Figure 4: Color photo of RapidChek test strips. The protein content of the samples used in Figure 2 was isolated using the extraction pipette and tested for immuno-reactivity by lateral flow assay. Lanes A-C are unprocessed controls, that is, cell culture was added to the test strip without nucleic acid or protein extraction. Lane A is E. coli BL21 DE3 pLysS as a negative control, Lanes B and C show E. coli O157:H7 that was untreated (B), or treated with mitomycin C for 4 hours (C). Lanes D through H show the results of adding the extracted protein to the lateral flow test strips. Lanes D and E were probed using protein extract from E. coli BL21 DE3 pLysS either without (D) or with mitomycin C treatment (E) as negative controls. Lanes F-H show the results when extracted protein from E. coli O157:H7 was used.
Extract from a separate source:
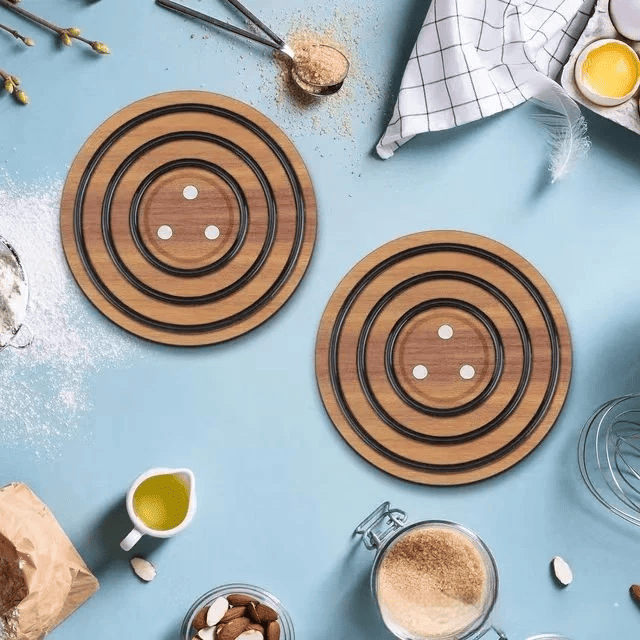 Passar utmärkt som serveringsunderlägg, runt träunderlägg för grytor, eller som elegant dekoration. Lätt att rengöra och designat för att hålla i många år framöver.

Protein was extracted from untreated (F), or from 2 hour (G) or 4 hour (H) Mitomycin C treated cultures. Positive results produce a double red line.

Figure 5: Photograph of a Coomassie stained SDS-PAGE. BSA was isolated from solution using the extraction pipette and described protocols. Lanes A and C are control lanes of 250 μg/mL and 500 μg/mL respectively. Lanes B and D depict recovered BSA from solutions containing the same concentrations as their respective controls.